Experts have been finding that in most cases the sense of smell comes back to people after a few weeks.

So the timing could just be a complete coincidence with the people eating burnt oranges and being able to smell again.

In really rare cases people have reported that their sense of smell didn’t resolve for months after their initial infection.

Why Doctors Think This Is Happening

But scientists think they might have cracked the code as to why this is happening and like the vaccines research into COVID symptoms is happening in real-time, which means scientists are only just beginning to understand what is behind the loss of smell.

What they have found so far is that COVID doesn’t actually infect the nerve cells that detect odours in our nose.

The smell detectors in scientific terms are called olfactory receptor neurons and are proteins that sit on the surface of nerve cells in the nose that detect odours.

This new research has found that COVID doesn’t attack those proteins but instead attacks other supporting cells that line the nasal cavity.

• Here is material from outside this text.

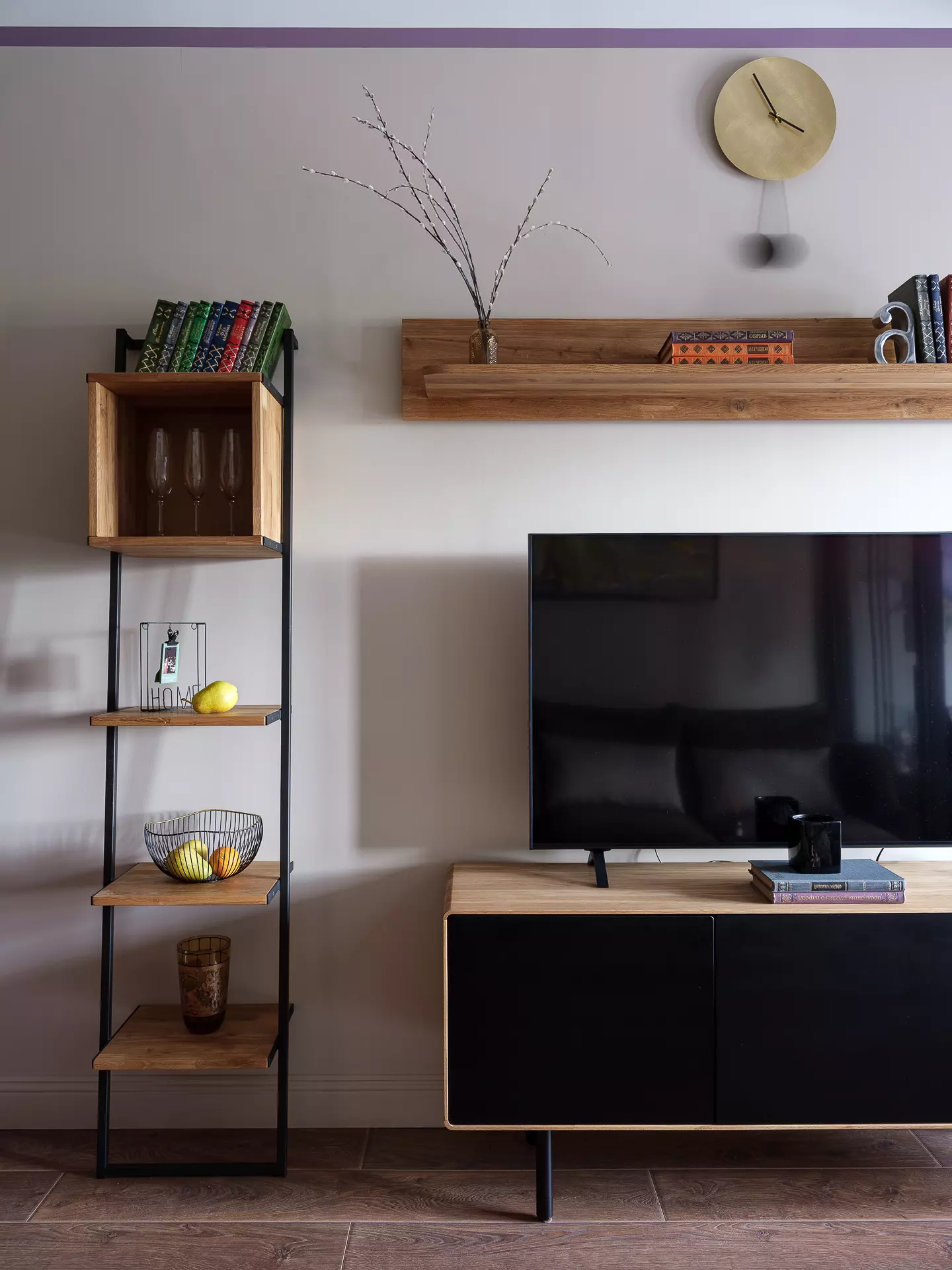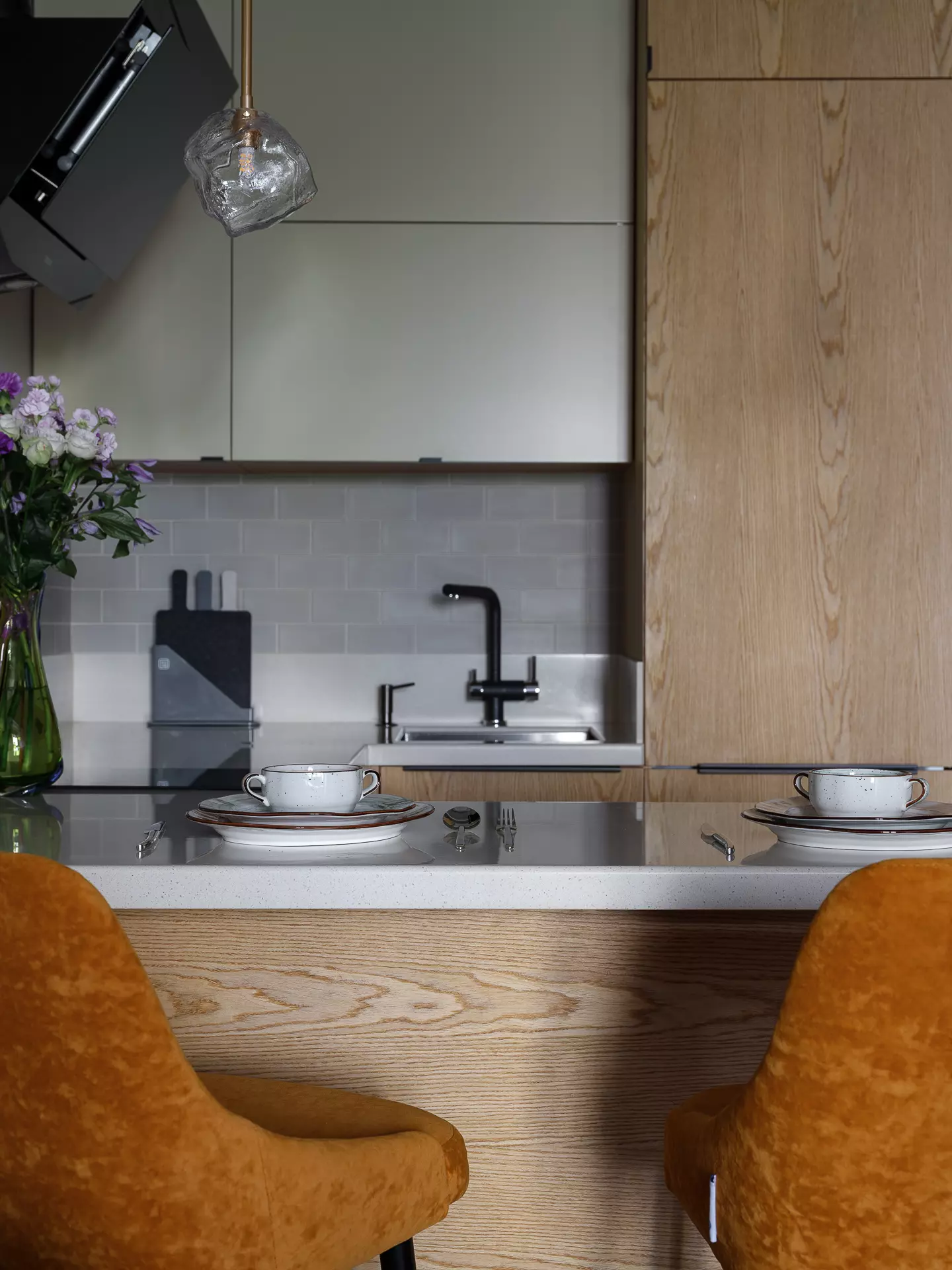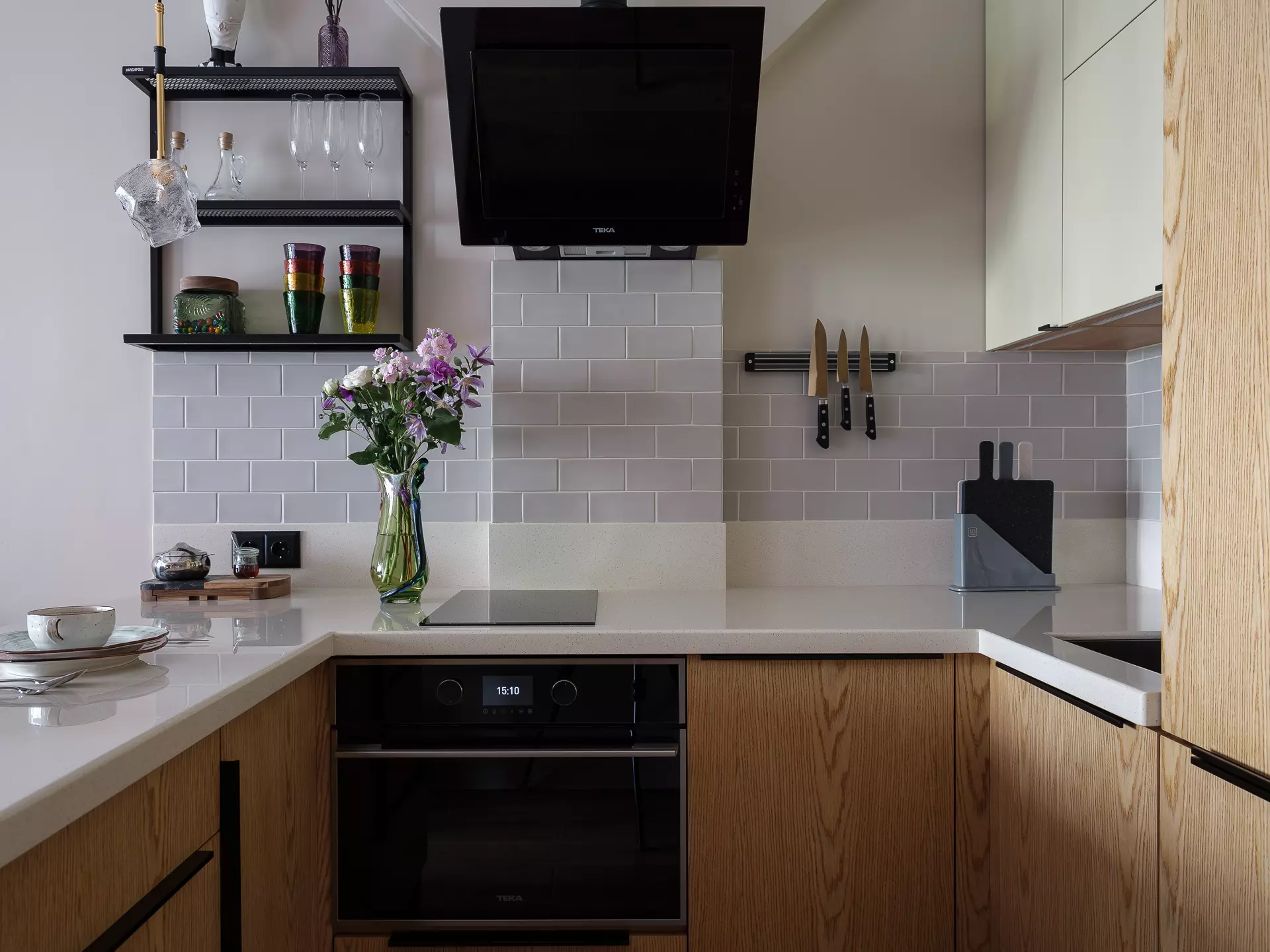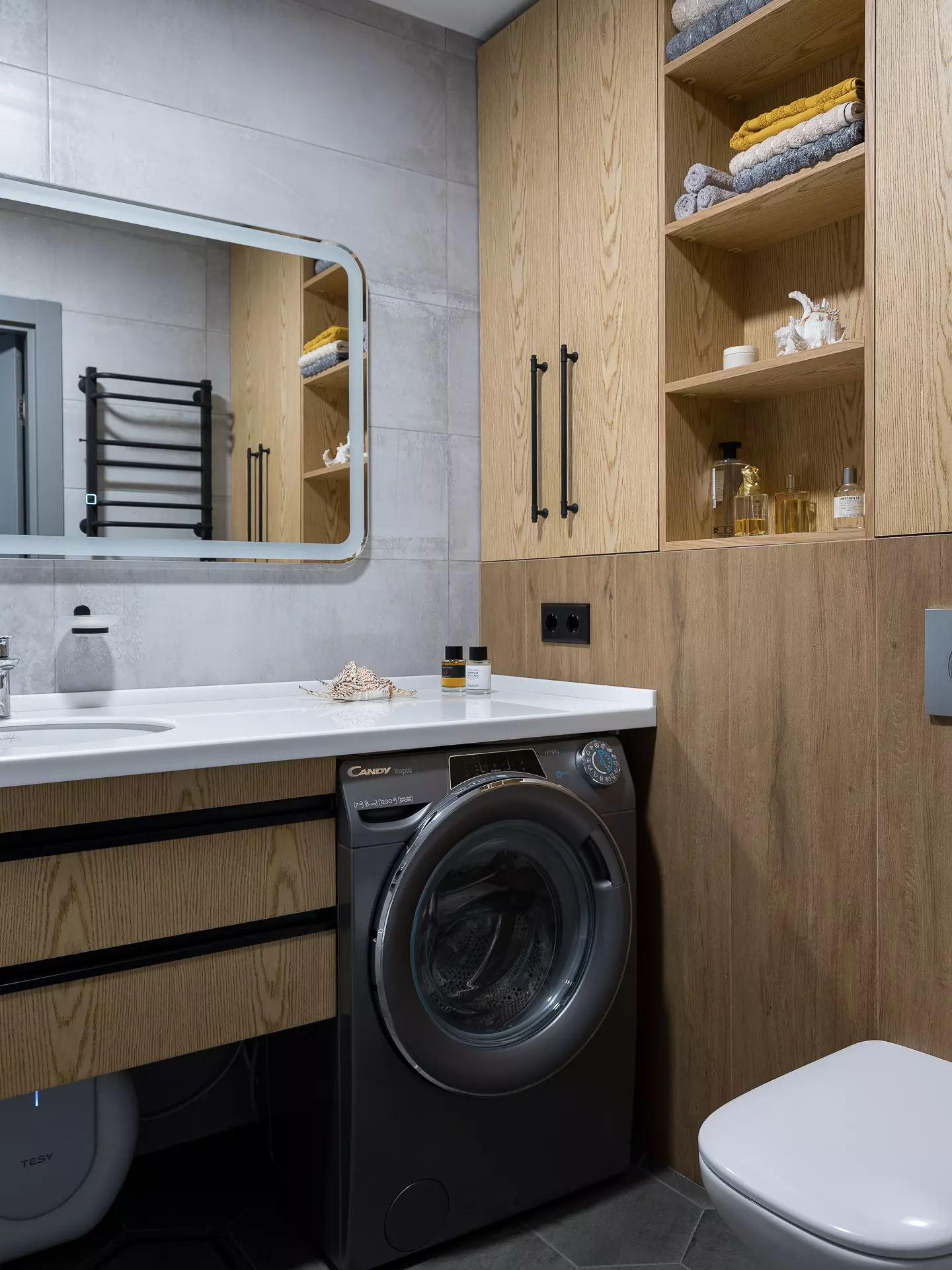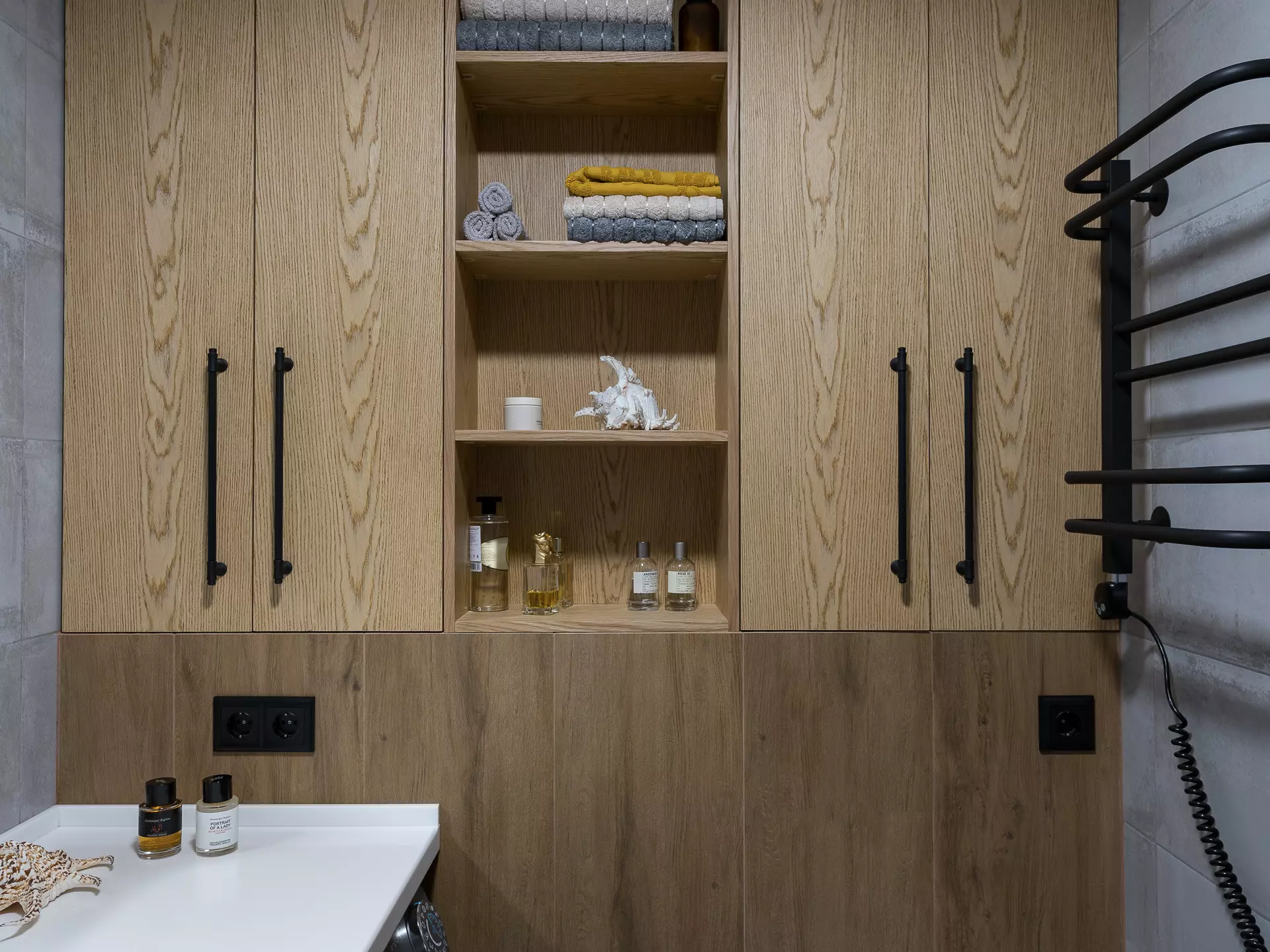 Цвет корпусной мебели мы подбирали чтобы он хорошо сочетался с основной цветовой гаммой и подходит с серой плитке застройщика, которую мы решили не менять. Цвет дубового шпона идеально сочетается с серым.

Sadly for the nose those supporting cells tend to shed the virus and die.

And at the same time that triggers trusty immune cells to enter the area to fight the virus off and what follows is a natural inflammation process.

But that inflammation actually impacts the smell receptors, the ones that weren’t infected in the first place, preventing them from doing their job properly. This means even though COVID doesn’t directly infect nerve cells critical to smell it indirectly impacts them by infecting those trying to support them.

In other words a real domino effect is happening up in our noses.

How Did Scientists Figure It Out?

The new study was led by a handful of prominent New York, Houston and California University medical centres and accompanying medical institutes. They collected human tissue specimens from 23 patients with COVID and also had some help from golden hamsters (yes, you read that right) to crack the covid case.

According to one of the Professors co-conducting the research hamsters can smell out Cocoa Puffs cereal in seconds if they still have their smell. So scientists tracked the damage to the hamsters’ olfactory system over time while they had COVID, with quite literally Cocoa Puffs.

What’s really promising is that scientists now think that they can apply these new findings to other COVID symptoms like long covid and brain fog.